免费保险公司用户信息数据集下载,这里采用的是CSV文件,也就是数据之间通过逗号隔开的数据集。 逗号分隔值(Comma-Separated Values,CSV,有时也称为字符分隔值,因为分隔字符也可以不是逗号)
import pandas as pd
import matplotlib.pyplot as plt
from sklearn.preprocessing import PolynomialFeatures
from sklearn.linear_model import LinearRegression
data = pd.read_csv('./insurance.csv')
print(type(data))
print(data.head())
print(data.tail())
print(data.describe())
"""
<class 'pandas.core.frame.DataFrame'>
age sex bmi children smoker region charges
0 19 female 27.900 0 yes southwest 16884.92400
1 18 male 33.770 1 no southeast 1725.55230
2 28 male 33.000 3 no southeast 4449.46200
3 33 male 22.705 0 no northwest 21984.47061
4 32 male 28.880 0 no northwest 3866.85520
age sex bmi children smoker region charges
1333 50 male 30.97 3 no northwest 10600.5483
1334 18 female 31.92 0 no northeast 2205.9808
1335 18 female 36.85 0 no southeast 1629.8335
1336 21 female 25.80 0 no southwest 2007.9450
1337 61 female 29.07 0 yes northwest 29141.3603
age bmi children charges
count 1338.000000 1338.000000 1338.000000 1338.000000
mean 39.207025 30.663397 1.094918 13270.422265
std 14.049960 6.098187 1.205493 12110.011237
min 18.000000 15.960000 0.000000 1121.873900
25% 27.000000 26.296250 0.000000 4740.287150
50% 39.000000 30.400000 1.000000 9382.033000
75% 51.000000 34.693750 2.000000 16639.912515
max 64.000000 53.130000 5.000000 63770.428010
"""
data_count = data['age'].value_counts()
print(data_count)
data_count[:10].plot(kind='bar')
plt.show()
"""
18 69
19 68
51 29
45 29
46 29
47 29
48 29
50 29
52 29
20 29
26 28
54 28
53 28
25 28
24 28
49 28
23 28
22 28
21 28
27 28
28 28
31 27
29 27
30 27
41 27
43 27
44 27
40 27
42 27
57 26
34 26
33 26
32 26
56 26
55 26
59 25
58 25
39 25
38 25
35 25
36 25
37 25
63 23
60 23
61 23
62 23
64 22
Name: age, dtype: int64
"""
print(data.corr())
"""
age bmi children charges
age 1.000000 0.109272 0.042469 0.299008
bmi 0.109272 1.000000 0.012759 0.198341
children 0.042469 0.012759 1.000000 0.067998
charges 0.299008 0.198341 0.067998 1.000000
"""
reg = LinearRegression()
x = data[['age', 'sex', 'bmi', 'children', 'smoker', 'region']]
y = data['charges']
x = x.apply(pd.to_numeric, errors='coerce')
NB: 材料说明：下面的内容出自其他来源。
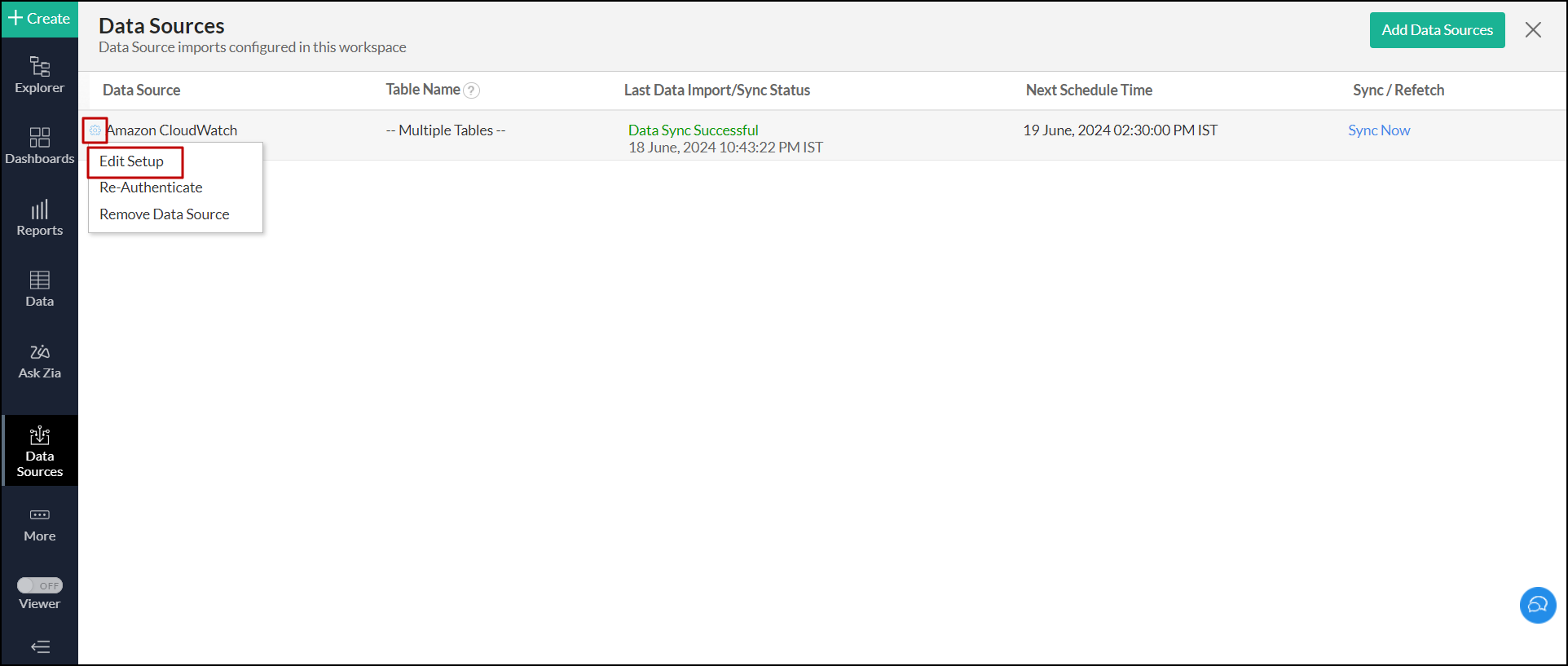 - Click the Settings icon that appears on mouse over the Amazon CloudWatch data source and click the Edit Setup option.

y = y.apply(pd.to_numeric, errors='coerce')
x.fillna(0, inplace=True)
y.fillna(0, inplace=True)
poly_features = PolynomialFeatures(degree=3, include_bias=False)
X_poly = poly_features.fit_transform(x)
reg.fit(X_poly, y)
print("w0=",reg.intercept_)
print("w1=",reg.coef_)
"""
w0= 14959.173791946276
w1= [ 5.86755877e+02 -8.66943361e-09 -2.43090741e+03 2.46877353e+03
-2.34731345e-09 6.66457112e-10 -1.20823237e+01 2.22654961e-09
6.99860524e+00 -1.94583589e+02 -2.67144085e-10 4.64133620e-10
7.31601446e-11 3.21392690e-10 -1.89132265e-10 7.45785655e-11
3.91901267e-09 9.19625484e+01 -1.49720497e+02 0.00000000e+00
0.00000000e+00 2.76208814e+03 0.00000000e+00 0.00000000e+00
0.00000000e+00 0.00000000e+00 0.00000000e+00 9.96980980e-02
0.00000000e+00 4.50579510e-02 3.12743917e+00 0.00000000e+00
0.00000000e+00 0.00000000e+00 0.00000000e+00 0.00000000e+00
0.00000000e+00 0.00000000e+00 -2.30842696e-01 -1.20554724e+00
0.00000000e+00 0.00000000e+00 -4.28257797e+00 0.00000000e+00
0.00000000e+00 0.00000000e+00 0.00000000e+00 0.00000000e+00
0.00000000e+00 0.00000000e+00 0.00000000e+00 0.00000000e+00
0.00000000e+00 0.00000000e+00 0.00000000e+00 0.00000000e+00
0.00000000e+00 0.00000000e+00 0.00000000e+00 0.00000000e+00
0.00000000e+00 0.00000000e+00 0.00000000e+00 -9.34651320e-01
5.89748395e+00 0.00000000e+00 0.00000000e+00 -5.02728643e+01
0.00000000e+00 0.00000000e+00 0.00000000e+00 0.00000000e+00
0.00000000e+00 -2.25687557e+02 0.00000000e+00 0.00000000e+00
0.00000000e+00 0.00000000e+00 0.00000000e+00 0.00000000e+00
0.00000000e+00 0.00000000e+00 0.00000000e+00]
"""
y_predict = reg.predict(X_poly)
plt.plot(x['age'], y, 'b.')
plt.plot(X_poly[:, 0], y_predict, 'r.')
plt.show()
完整代码如下:
import pandas as pd
import matplotlib.pyplot as plt
from sklearn.preprocessing import PolynomialFeatures
from sklearn.linear_model import LinearRegression
data = pd.read_csv('./insurance.csv')
print(type(data))
print(data.head())
print(data.tail())
print(data.describe())
data_count = data['age'].value_counts()
print(data_count)
data_count[:10].plot(kind='bar')
plt.show()
print(data.corr())
reg = LinearRegression()
x = data[['age', 'sex', 'bmi', 'children', 'smoker', 'region']]
y = data['charges']
x = x.apply(pd.to_numeric, errors='coerce')
y = y.apply(pd.to_numeric, errors='coerce')
x.fillna(0, inplace=True)
y.fillna(0, inplace=True)
poly_features = PolynomialFeatures(degree=3, include_bias=False)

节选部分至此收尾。